Никогда в жизни я не вел дневников. В ту пору, конечно, тем более. Эти несколько дневниковых страничек я записал позже, по памяти. Так, как если бы я тогда вел дневник, тогда их писал.
Через несколько дней к амбулатории нашего кишлака подкатила повозка с папой, мамой и с тремя моими сестричками. Для них уже была приготовлена кибитка. Ольга угостила их царским, по тому времени, завтраком.
Нохем Патлажанер, товарищ Бровер и все женщины, эвакуированные из еврейского колхоза под Одессой, начали звать моего отца Ицик бессарабский.
Это впоследствии, в «Трех летах», он стал у меня Мордхе бессарабским.
Исрол Бронштейн, без сомнения, был поэтом. За всю свою жизнь — короткую мучительную жизнь — он издал две тоненькие книжки стихов: «Молдова — мой дом» и «Я раскрыл широко ворота». В самих этих названиях витает, как ночная бабочка, искра той образности, которую мы называем поэзией.
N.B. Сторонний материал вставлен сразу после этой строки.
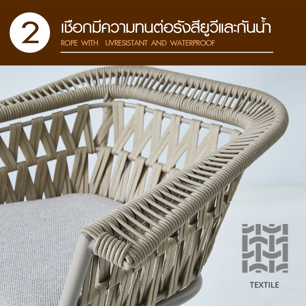 วัสดุทนทานต่อสภาพอากาศ – เชือก UV และกันน้ำ พร้อมโครงเหล็ก E-Coating แข็งแรง ใช้งานได้ทั้งในร่มและกลางแจ้ง

Но не об этом я сейчас думаю, вспоминая Исрола Бронштейна. Я размышляю о том, что если бы он остался в живых, пережил войну, он несомненно бы вырос, созрел как поэт и на полках книжных магазинов и библиотечных полках его книги стояли бы рядом со всеми нашими книгами. В конце концов, кто посильнее, кто послабее, один стоит на стремянке ниже ступенькой, другой — выше ступенькой (небес достигают редко, только особо одаренные, избранные, отмеченные божьим даром), главное — это лестница. Вся лестница. Я полагаю, что Исрол Бронштейн, если бы пережил войну, занял бы на лестнице свое место.
Война — самое страшное проклятие на земле — косит на фронте и вне фронта миллионы молодых жизней, умерщвляет не только их настоящий день, но и будущее их, все, что со временем расцвело бы в них.
Я думаю, что среди десятков тысяч детей, вырванных из жизни войной, был, безусловно, грядущий гений, который, например, освободил бы нас от другого бича человечества — раковой болезни.
Исрол Бронштейн ходил по кишлаку потерянный; из всех своих товарищей, знакомых, близких, уже не говоря о жене, Розе, он отыскал только меня. Выписавшись из военного госпиталя, он старался заходить ко мне почаще, быть рядом со мной. В солдатских обмотках на тощих ногах, в пилотке на макушке, в расстегнутой гимнастерке — он совсем не походил на поэта. Но и солдатского в его облике было немного — белокурая реденькая растительность на удлиненном лице Иисуса, растрепанные волосы, выбивающиеся из-под пилотки…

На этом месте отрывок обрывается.